Let the MDS purge the strays and then try:

ceph config set mds mds_abort_on_newly_corrupt_dentry true

On Tue, May 23, 2023 at 7:04 PM Justin Li <justin...@deakin.edu.au> wrote:
>
> Hi Patrick,
>
> Sorry for keeping bothering you but I found that MDS service kept crashing 
> even cluster shows MDS is up. I attached another log of MDS server - eowyn at 
> below. Look forward to hearing more insights. Thanks a lot.
>
> https://drive.google.com/file/d/1nD_Ks7fNGQp0GE5Q_x8M57HldYurPhuN/view?usp=sharing
>
> MDS crashed:
> root@eowyn:~# systemctl status  ceph-mds@eowyn
> ● ceph-mds@eowyn.service - Ceph metadata server daemon
>      Loaded: loaded (/lib/systemd/system/ceph-mds@.service; enabled; vendor 
> preset: enabled)
>      Active: failed (Result: signal) since Wed 2023-05-24 08:55:12 AEST; 24s 
> ago
>     Process: 44349 ExecStart=/usr/bin/ceph-mds -f --cluster ${CLUSTER} --id 
> eowyn --setuser ceph --setgroup ceph (code=kill>
>    Main PID: 44349 (code=killed, signal=ABRT)
>
> May 24 08:55:12 eowyn systemd[1]: ceph-mds@eowyn.service: Scheduled restart 
> job, restart counter is at 3.
> May 24 08:55:12 eowyn systemd[1]: Stopped Ceph metadata server daemon.
> May 24 08:55:12 eowyn systemd[1]: ceph-mds@eowyn.service: Start request 
> repeated too quickly.
> May 24 08:55:12 eowyn systemd[1]: ceph-mds@eowyn.service: Failed with result 
> 'signal'.
> May 24 08:55:12 eowyn systemd[1]: Failed to start Ceph metadata server daemon.
>
>
> Part of MDS log on eowyn (MDS server):
>    -2> 2023-05-24T08:55:11.854+1000 7f1f8ee93700 -1 log_channel(cluster) log 
> [ERR] : MDS abort because newly corrupt dentry to be committed: [dentry 
> #0x100/stray0/1005480d3ac [19ce,head] auth (dversion lock) pv=2154265085 
> v=2154265074 ino=0x1005480d3ac state=1342177316 | purging=1 0x55b04517ca00]

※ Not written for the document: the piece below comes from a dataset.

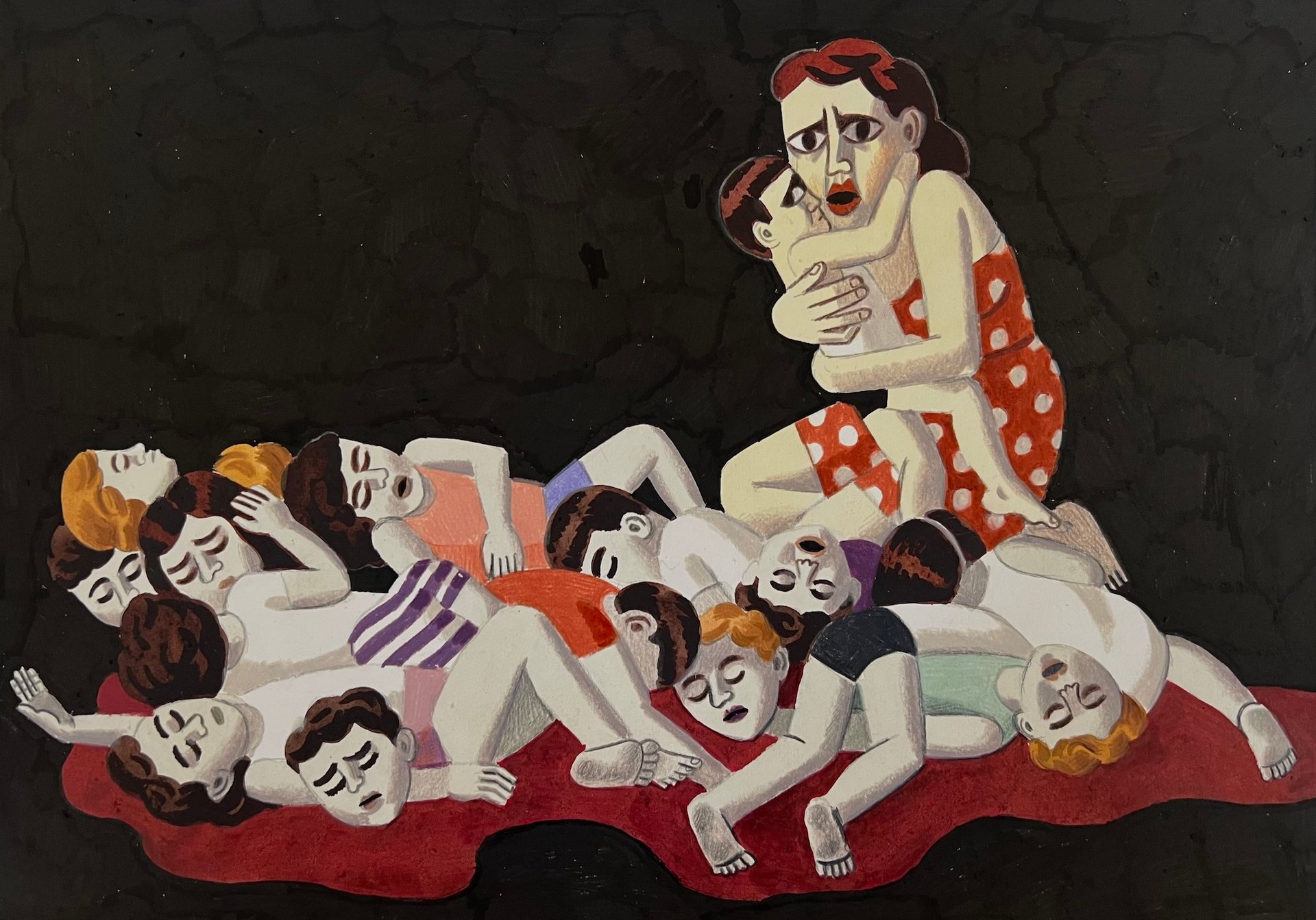 In my city, Tel Aviv, everyone sings on the streets and throws candy from the windows. It’s a celebration of the day when the Torah was given to the Jews. And of course, everything was cancelled because of the attacks. This painting shows Simchat Torah in the kibbutz—it’s a little bit inside [debates going on] in Israel because women are not part of this celebration in Orthodox Jewish communities, and of course they don’t hold the Torah scroll. But in the kibbutz it’s different. In the kibbutz it’s celebrated in a non-religious way. They celebrate it as tradition and not religion. In the painting, there is a girl holding the scroll. They are carrying guns because people say it was unimaginable for this Holocaust scenario to happen in the state of Israel. It was the whole idea of Israel, to not be in these kinds of situations again. So what I painted was an imagined scene and a symbolic one.

>     -1> 2023-05-24T08:55:11.858+1000 7f1f8ee93700 -1 
> /build/ceph-16.2.13/src/mds/CDentry.cc: In function 'bool 
> CDentry::check_corruption(bool)' thread 7f1f8ee93700 time 
> 2023-05-24T08:55:11.858329+1000
> /build/ceph-16.2.13/src/mds/CDentry.cc: 697: ceph_abort_msg("abort() called")
>
>  ceph version 16.2.13 (5378749ba6be3a0868b51803968ee9cde4833a3e) pacific 
> (stable)
>  1: (ceph::__ceph_abort(char const*, int, char const*, 
> std::__cxx11::basic_string<char, std::char_traits<char>, std::allocator<char> 
> > const&)+0xe0) [0x7f1f99404495]
>  2: (CDentry::check_corruption(bool)+0x86b) [0x55b02652991b]
>  3: (StrayManager::_purge_stray_purged(CDentry*, bool)+0xc64) [0x55b026480ed4]

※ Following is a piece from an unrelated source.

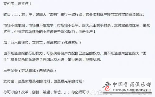 而现在的支付宝已经不再是一个单一的支付工具,在去年支付宝的蚂蚁借呗就抢走了银行8000亿的市场份额,这么大的市场被马云一人独吞,银行自然是眼红。
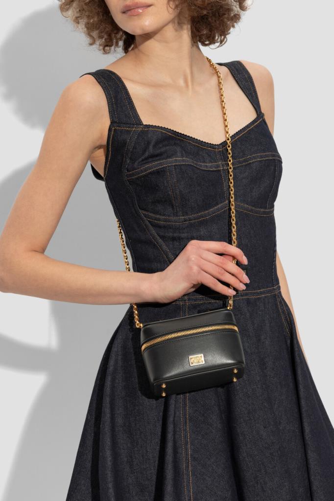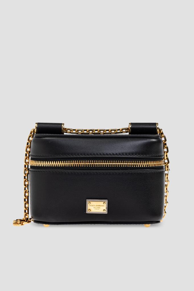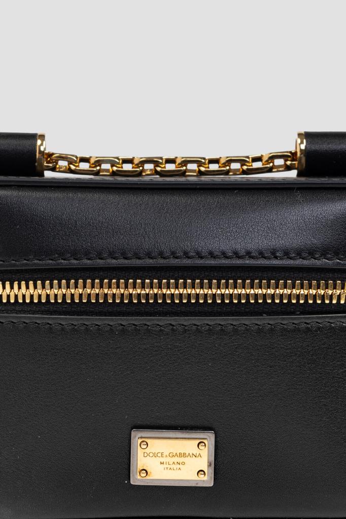 Кожаная сумка кросс-боди Sicily чёрного цвета от Dolce & Gabbana. Компактный аксессуар отличается гладкой текстурой, прямоугольной формой с изящно закруглёнными краями и застёжкой на золотистую молнию с двумя кожаными пуллерами. Для удобства переноски в изделии с металлическими ножками у основания предусмотрен скользящий плечевой ремень-цепочка, легко трансформирующийся в две длинные ручки.

>  4: (MDSContext::complete(int)+0x61) [0x55b026601471]
>  5: (MDSIOContextBase::complete(int)+0x4fc) [0x55b026601b9c]
>  6: (Finisher::finisher_thread_entry()+0x19d) [0x7f1f994b8c6d]
>  7: /lib/x86_64-linux-gnu/libpthread.so.0(+0x8609) [0x7f1f99146609]
>  8: clone()
>
>
>
>
> Justin Li
> Senior Technical Officer
> School of Information Technology
> Faculty of Science, Engineering and Built Environment
> For ICT Support please see https://www.deakin.edu.au/sebeicthelp
>
>
> Deakin University
> Melbourne Burwood Campus, 221 Burwood Highway, Burwood, VIC 3125
> +61 3 9246 8932
> justin...@deakin.edu.au
> http://www.deakin.edu.au/
> Deakin University CRICOS Provider Code 00113B
>
> Important Notice: The contents of this email are intended solely for the 
> named addressee and are confidential; any unauthorised use, reproduction or 
> storage of the contents is expressly prohibited. If you have received this 
> email in error, please delete it and any attachments immediately and advise 
> the sender by return email or telephone.
>
> Deakin University does not warrant that this email and any attachments are 
> error or virus free.
>
> -----Original Message-----
> From: Justin Li
> Sent: Wednesday, May 24, 2023 8:25 AM
> To: Patrick Donnelly <pdonn...@redhat.com>
> Cc: ceph-users@ceph.io
> Subject: RE: [ceph-users] [Help appreciated] ceph mds damaged
>
> Sorry Patrick, last email was restricted as attachment size. I attached a 
> link for you to download the log. Thanks.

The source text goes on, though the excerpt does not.